De manière plus anecdotique, on ne peut pas parler tournage sans les prises de notes à la volée et autres instructions de montage qui font gagner du temps. Dans ce domaine, nous retenons tout d’abord Cut Notes , 6 euros. Le principe est assez simple. On injecte le Time Code du tournage et on a la possibilité d’appuyer sur une quinzaine de boutons dont les intitulés sont définis par l’utilisateur. Exemple, « plan à remplacer », « bonne prise »… L’appli exporte ensuite la chronologie dans divers formats de marqueurs (donc ceux de Final Cut ou de Media Composer) ce qui permet au monteur de voir directement les instructions et autres remarques sur sa Time-Line. La saisie par le clavier reste bien sûr possible. Dans le même genre mais moins dédié à la production, on trouve Remarks 4 euros . L’idée est ici de s’adresser aux réfractaires du clavier puisqu’on écrit et annote n’importe quel document du bout du doigt, ou au stylet comme sur du papier.

Pour téléprompter

Cette sélection ne serait pas complète si l’on n’évoquait pas l’une des utilisations les plus naturelles de l’iPad sur un plateau de tournage : la possibilité de se substituer à un téléprompteur. Il existe déjà une bonne dizaine de kit de montage disponibles sur le marché (avec glace, bras magique, housse, platine) comme celui-la fabriqué par Datavideo . Les coûts s’étendent de 300 à un peu plus de 1000 euros et sont associés à l’application iPad de votre choix. Cependant, quitte à construire un vrai prompteur, autant se servir des programmes qui supportent les télécommandes. Il peut s’agir de modèles filaires pilotés par le présentateur, ou même d’iPhones (ou autres périphériques iOS) via une connexion Wifi ou Bluetooth. Dans ce cas, c’est l’équipe de réalisation qui ajustera tranquillement le défilement. Parmi les meilleures applis, nous retenons Teleprompt+ for iPad, qui, pour une douzaine d’euros, offre toutes les fonctionnalités évoquées. Moins cher (79 centimes) et sans télécommande mais avec la possibilité d’un enregistrement audio, on trouve aussi Best Prompter ou iCue 4 euros).

Pour le son

Si l’iPad n’a pas d’entrées vidéo, il a bel et bien des entrées audio, ce qui peut le transformer en enregistreur numérique haute qualité, moyennant l’achat d’un simple adaptateur Line/Mic In vers iPad. Vous pouvez vous tourner vers FiRe Field Recoder (pour iPhone), à 5 euros. De plus, tout comme pour le domaine de la lumière, les éditeurs de logiciels audio sont plus en avance qu’en vidéo. On trouve donc déjà ainsi un grand nombre de logiciels qui permettent de contrôler les principales consoles audio (Protools, Cubase etc) pour la bonne et simple raison que le mixage à la volée au doigt est bien plus instinctif et précis que de jouer avec la souris. Dans ce domaine, rendez-vous d’abord avec Proremote, coûteuse (63 euros), mais parfaitement professionnelle et sans faille. AC- 7 Core est une alternative bien moins onéreuse (6 euros) et tout aussi performante : elle prend en charge une dizaine d’applications via le contrôleur midi de l’ordinateur . Ces deux applications arrivent aussi à contrôler Final Cut via quelques bidouillages.

Et aussi :

Avid Studio for Ipad, pour monter sur la tablette avec le même système que sur les autres logiciels de l’éditeur, 4 euros.
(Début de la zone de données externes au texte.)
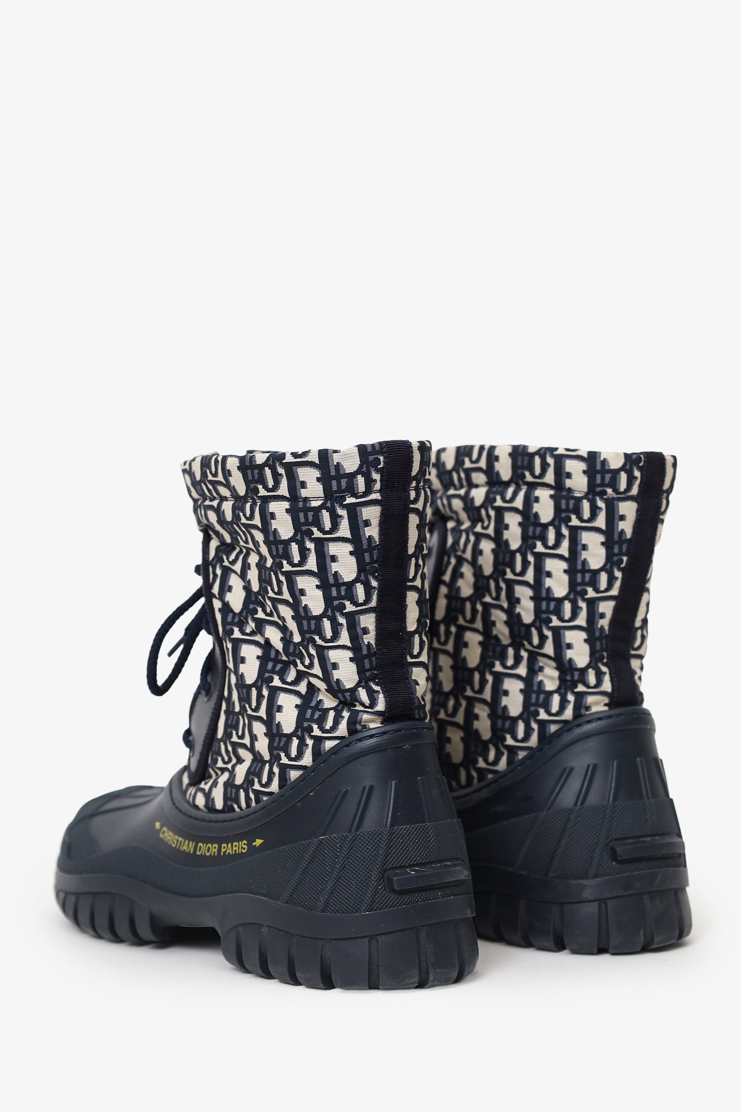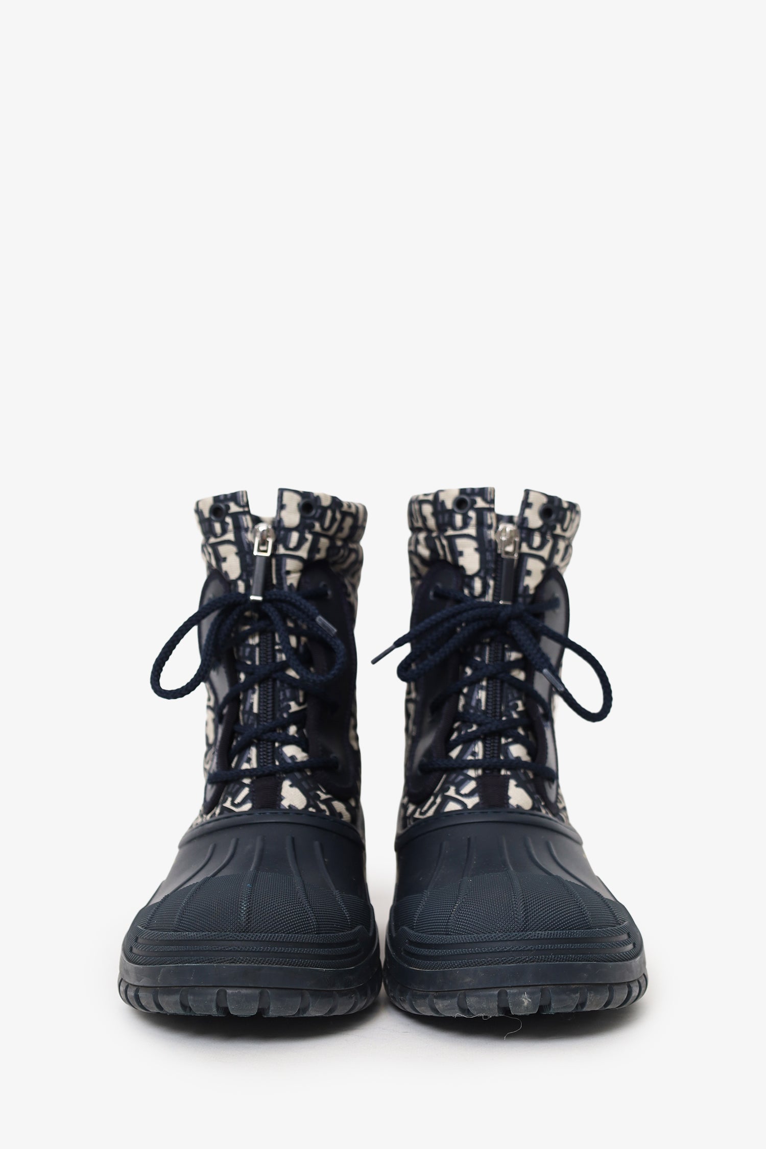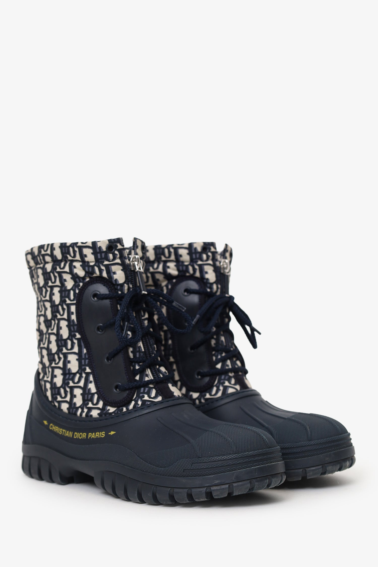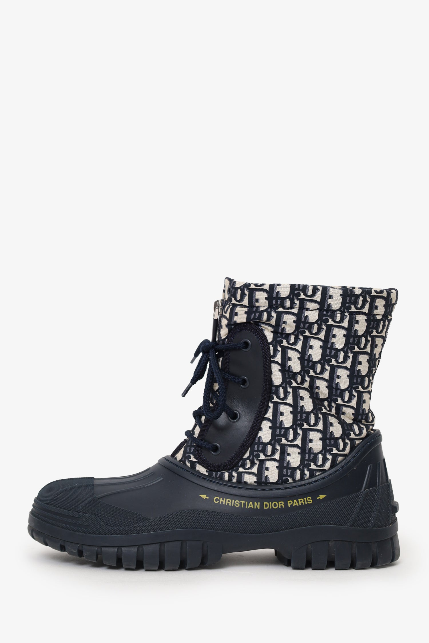 Refresh availabilityChristian Dior Blue Oblique D-Venture Jacquard Boots. Pull-on. Round toe. Front zip and lace-up closure. Sherpa lined interior. Silver-tone hardware. Tonal stitching.

Pocket Call Sheet, 5 euros, une feuille de service interactive et partageable directement depuis les tablettes.

AJA Data Calc, pour saisir le codec, la durée de tournage et savoir immédiatement quelle place sera occupée sur le disque dur ou la carte mémoire, gratuit.

vWave-Lite, pour contrôler Color d’Apple, via trois grosses molettes, comme sur un vrai pupitre d’étalonnage. Gratuit.

RealD Professional Stereo3D Calculator, pour calculer tous les réglages des rigs en fonction de la scène à tourner. 89 euros.